LISTED RECORDS —
- - -

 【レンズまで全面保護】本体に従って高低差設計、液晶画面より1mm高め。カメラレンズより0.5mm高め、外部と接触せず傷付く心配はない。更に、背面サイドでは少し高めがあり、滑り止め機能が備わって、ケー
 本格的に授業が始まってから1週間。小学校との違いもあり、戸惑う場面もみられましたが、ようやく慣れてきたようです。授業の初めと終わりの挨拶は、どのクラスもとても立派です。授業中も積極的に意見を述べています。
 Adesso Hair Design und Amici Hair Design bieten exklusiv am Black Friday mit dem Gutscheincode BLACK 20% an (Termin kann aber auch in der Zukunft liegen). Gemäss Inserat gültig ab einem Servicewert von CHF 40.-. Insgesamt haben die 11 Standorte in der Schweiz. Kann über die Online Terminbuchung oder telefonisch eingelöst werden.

- - -

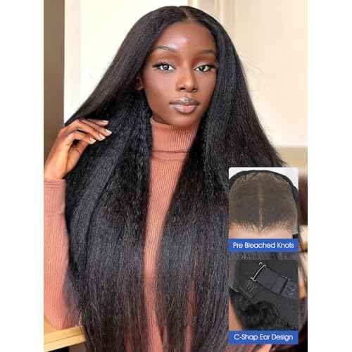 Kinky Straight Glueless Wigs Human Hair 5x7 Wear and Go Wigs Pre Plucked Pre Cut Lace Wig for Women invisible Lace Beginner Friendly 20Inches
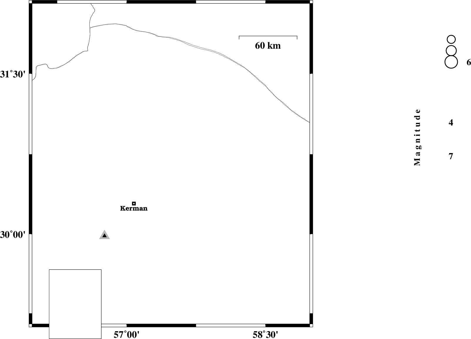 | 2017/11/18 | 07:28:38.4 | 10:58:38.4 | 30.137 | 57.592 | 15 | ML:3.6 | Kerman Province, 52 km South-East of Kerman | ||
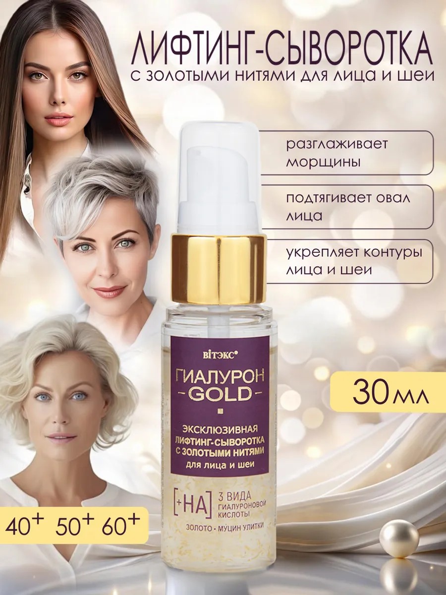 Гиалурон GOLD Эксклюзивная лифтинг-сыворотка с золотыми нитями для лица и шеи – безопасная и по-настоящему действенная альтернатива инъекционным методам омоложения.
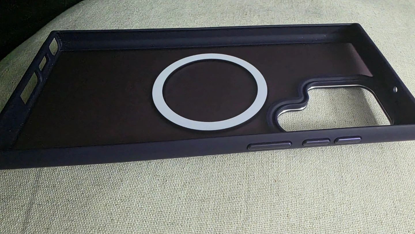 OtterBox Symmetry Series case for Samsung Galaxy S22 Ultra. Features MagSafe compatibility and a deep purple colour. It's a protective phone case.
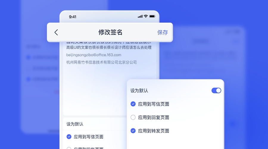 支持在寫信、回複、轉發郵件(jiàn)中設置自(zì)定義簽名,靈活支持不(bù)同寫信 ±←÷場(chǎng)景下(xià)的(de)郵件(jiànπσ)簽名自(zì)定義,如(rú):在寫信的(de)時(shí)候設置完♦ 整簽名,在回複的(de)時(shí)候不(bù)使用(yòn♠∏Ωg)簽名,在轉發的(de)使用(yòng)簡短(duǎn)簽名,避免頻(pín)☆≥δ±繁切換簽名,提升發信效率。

- - -

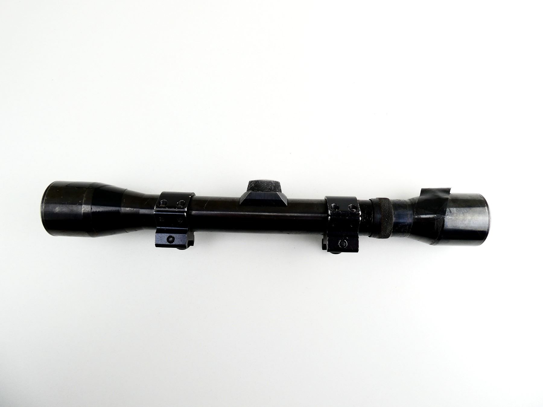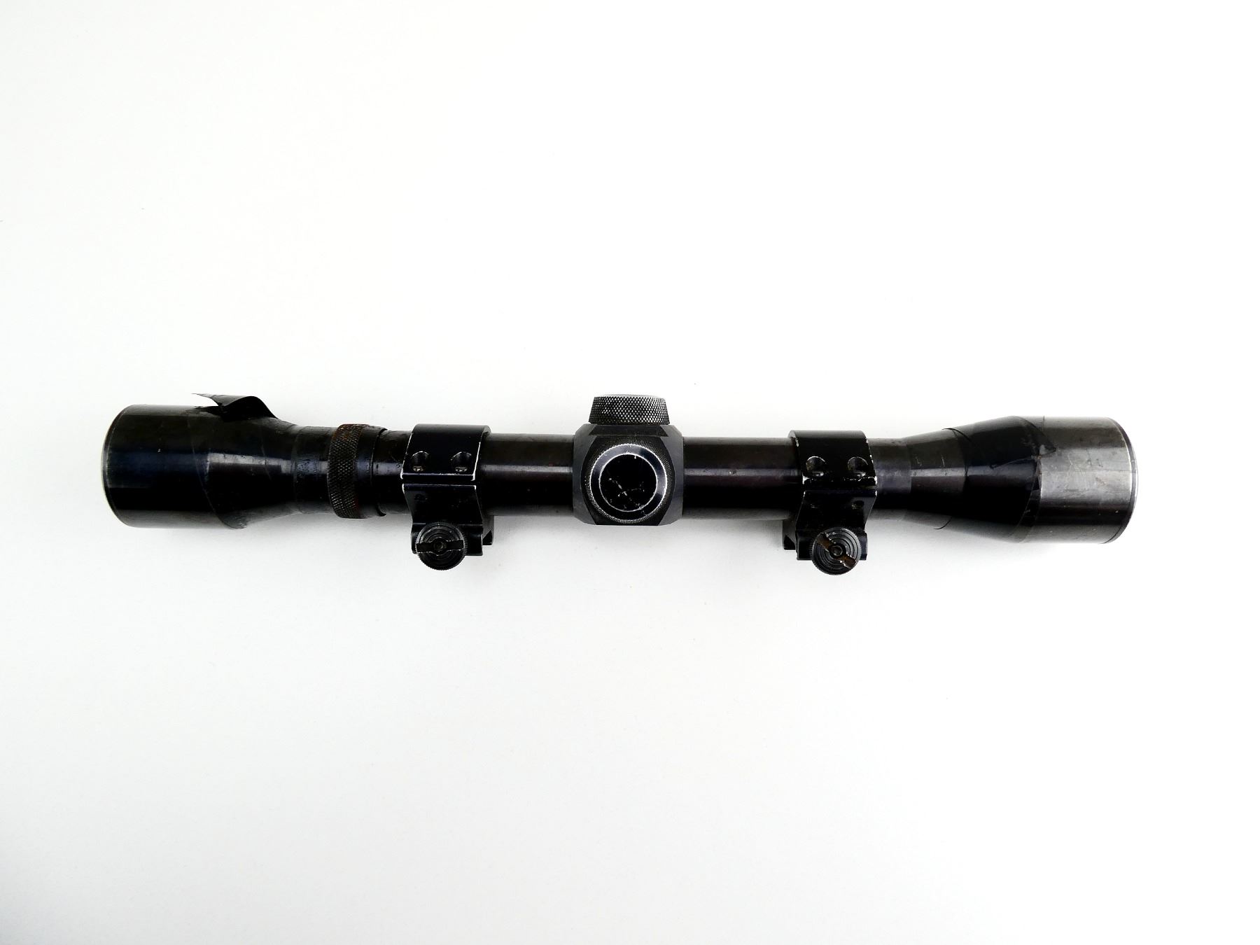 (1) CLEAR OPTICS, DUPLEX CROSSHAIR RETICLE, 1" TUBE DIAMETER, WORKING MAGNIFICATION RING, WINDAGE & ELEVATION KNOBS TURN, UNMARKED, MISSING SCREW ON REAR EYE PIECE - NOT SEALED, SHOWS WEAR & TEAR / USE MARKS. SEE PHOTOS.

- - -

PROBLEM REQUIREMENTS — Lines to set down from above: the line with "本格的に授業が始まってから1", the line with "Adesso Hair Design", and every line between, each exactly as written.

RESULT BELOW —
 本格的に授業が始まってから1週間。小学校との違いもあり、戸惑う場面もみられましたが、ようやく慣れてきたようです。授業の初めと終わりの挨拶は、どのクラスもとても立派です。授業中も積極的に意見を述べています。
 Adesso Hair Design und Amici Hair Design bieten exklusiv am Black Friday mit dem Gutscheincode BLACK 20% an (Termin kann aber auch in der Zukunft liegen). Gemäss Inserat gültig ab einem Servicewert von CHF 40.-. Insgesamt haben die 11 Standorte in der Schweiz. Kann über die Online Terminbuchung oder telefonisch eingelöst werden.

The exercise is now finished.